- **TASK STATEMENT**
Which lines run from the one containing "Update on the" through the end of the data? Write them out exactly, with the pictures left out.

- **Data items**
= = = = = = =

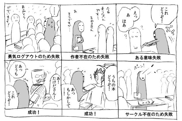 11時前頃自スペース前に戻ってくると、たけださんがいらしたところだったので反射的に本を渡してしまう。通路の真ん中で。
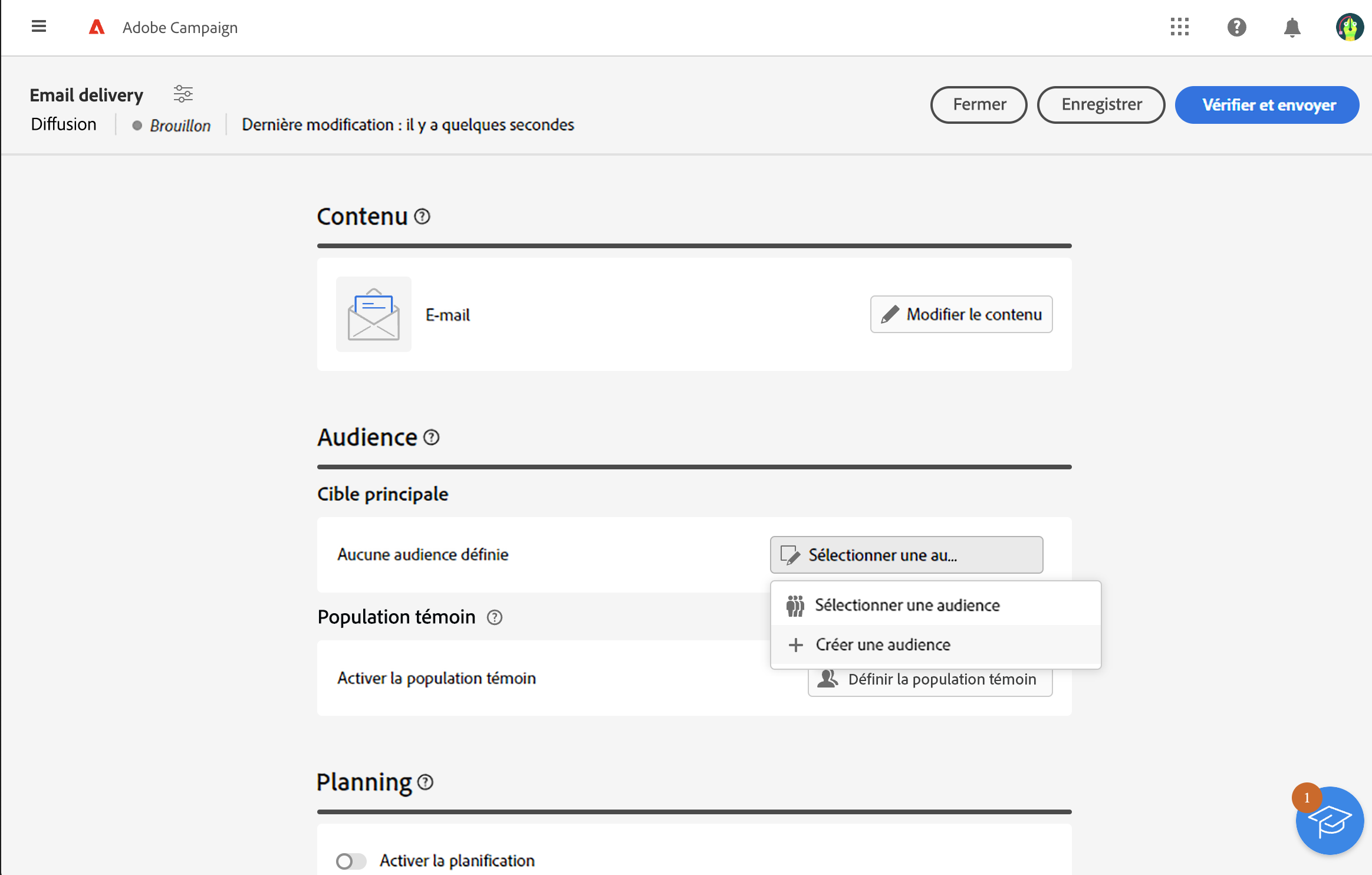 Vous pouvez également définir une population témoin afin de mesurer l’impact de vos campagnes. La population témoin ne reçoit pas le message. Vous pouvez ainsi comparer le comportement de la population qui a reçu le message avec celui des contacts qui ne l’ont pas reçu. En savoir plus.
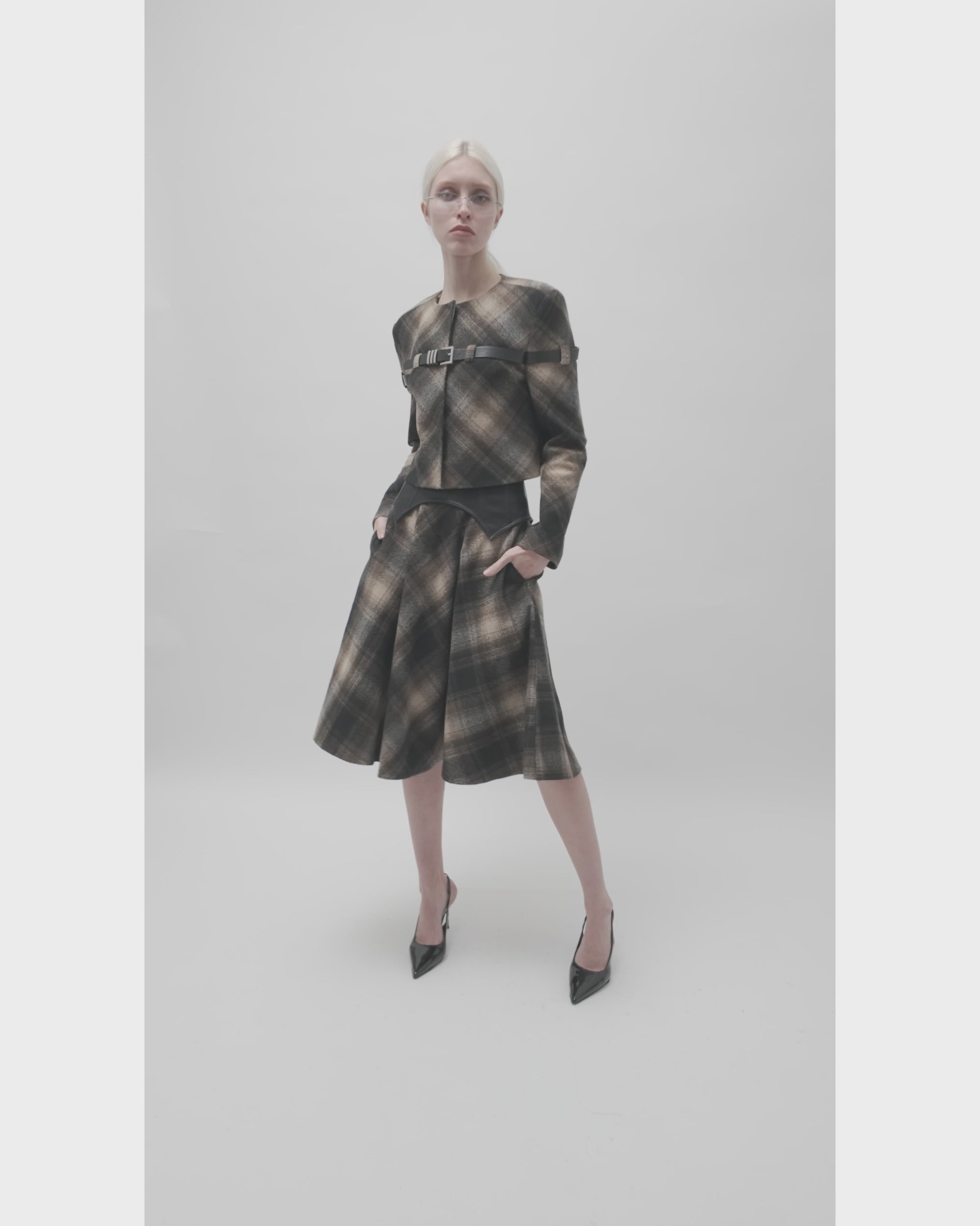 Arebella Plaid Skirt with Leather Waist Cincher
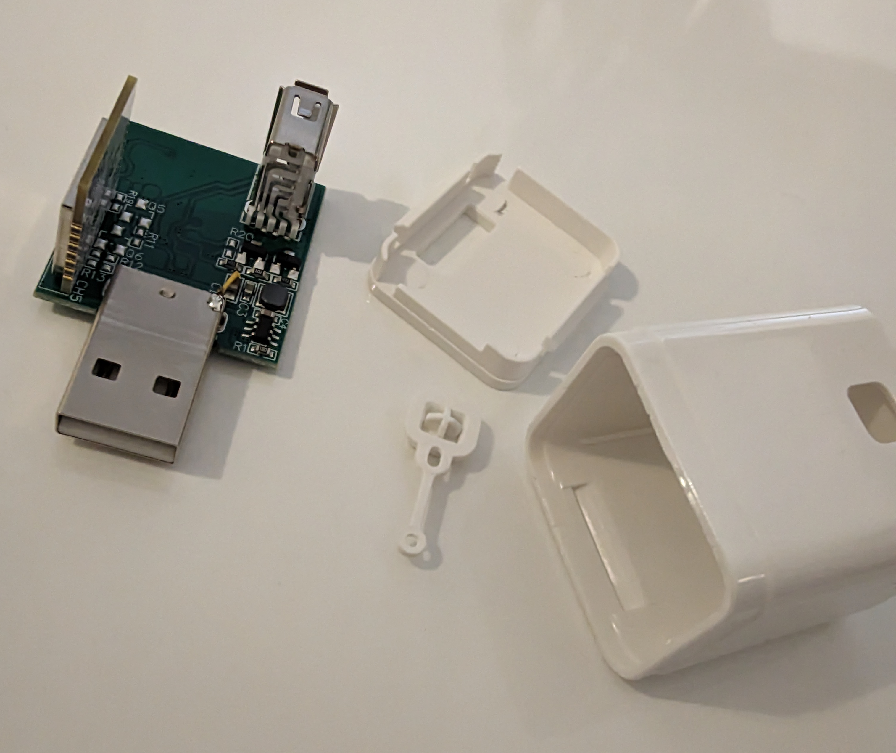 I had a need to use a remote on/off switch for a USB-connected device, so I bought two pieces of cheap adapters.
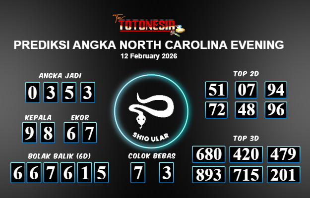 Toto Nesia : Bocoran Prediksi Togel NORTH CAROLINA EVENING Tanggal 12 FEBUARI 2026
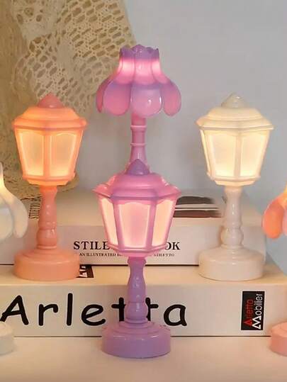 1pc Creative Mini Table Lamp Decoration, Lotus/Street Lamp Cute Night Light For Bedroom Atmosphere, LED Desk Cute Atmosphere Night Light, Desk Decor Birthday Gift - Multicolor - View 1
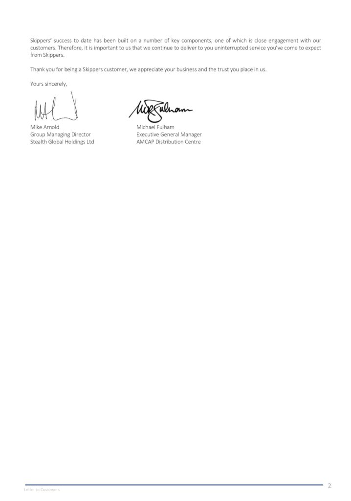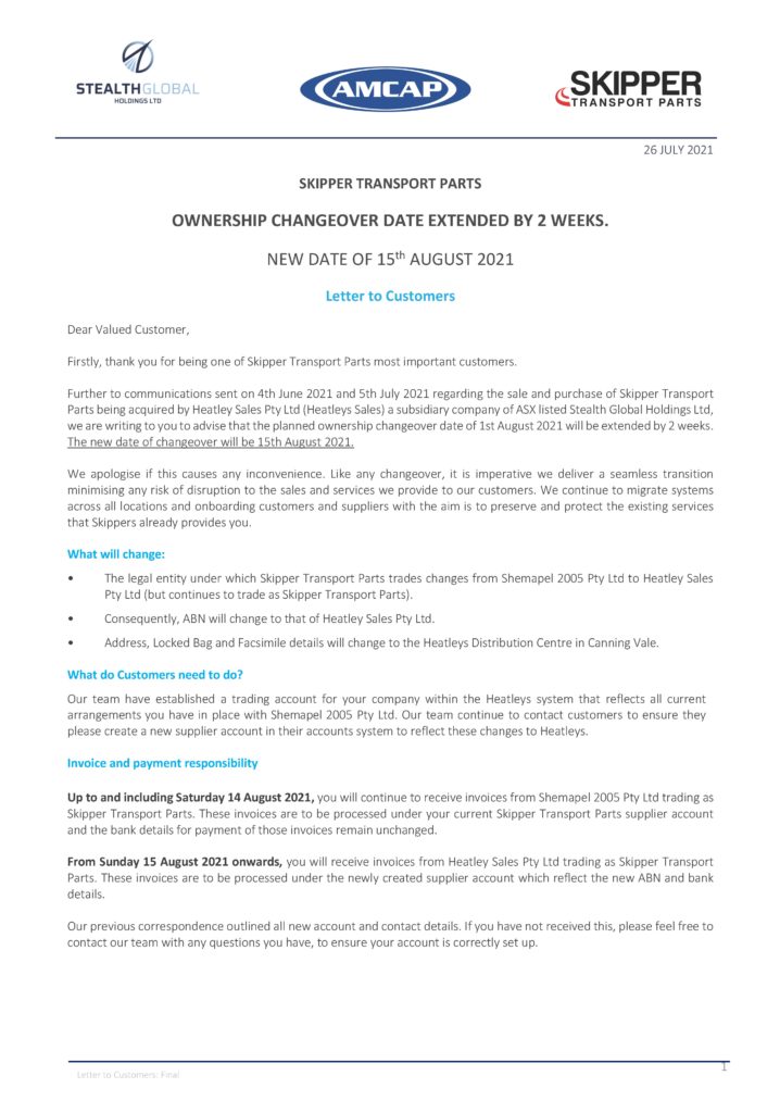 Update on the sale and purchase of Skipper Transport Parts by Heatley Sales Pty Ltd a subsidiary of ASX listed Stealth Global Holdings Ltd.
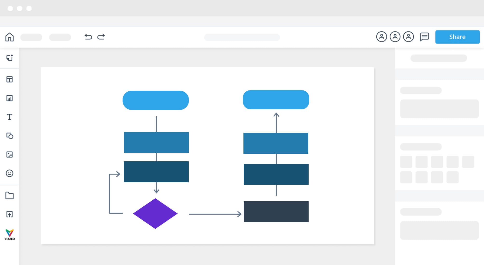3. Keep adding shapes and text as you need them — PRO tip: If you group the shape and the text, they will be much easier to move around, duplicate and edit and you will create your flow chart much faster.

= = = = = = =

- **EXERCISE OUTPUT**
 Update on the sale and purchase of Skipper Transport Parts by Heatley Sales Pty Ltd a subsidiary of ASX listed Stealth Global Holdings Ltd.
3. Keep adding shapes and text as you need them — PRO tip: If you group the shape and the text, they will be much easier to move around, duplicate and edit and you will create your flow chart much faster.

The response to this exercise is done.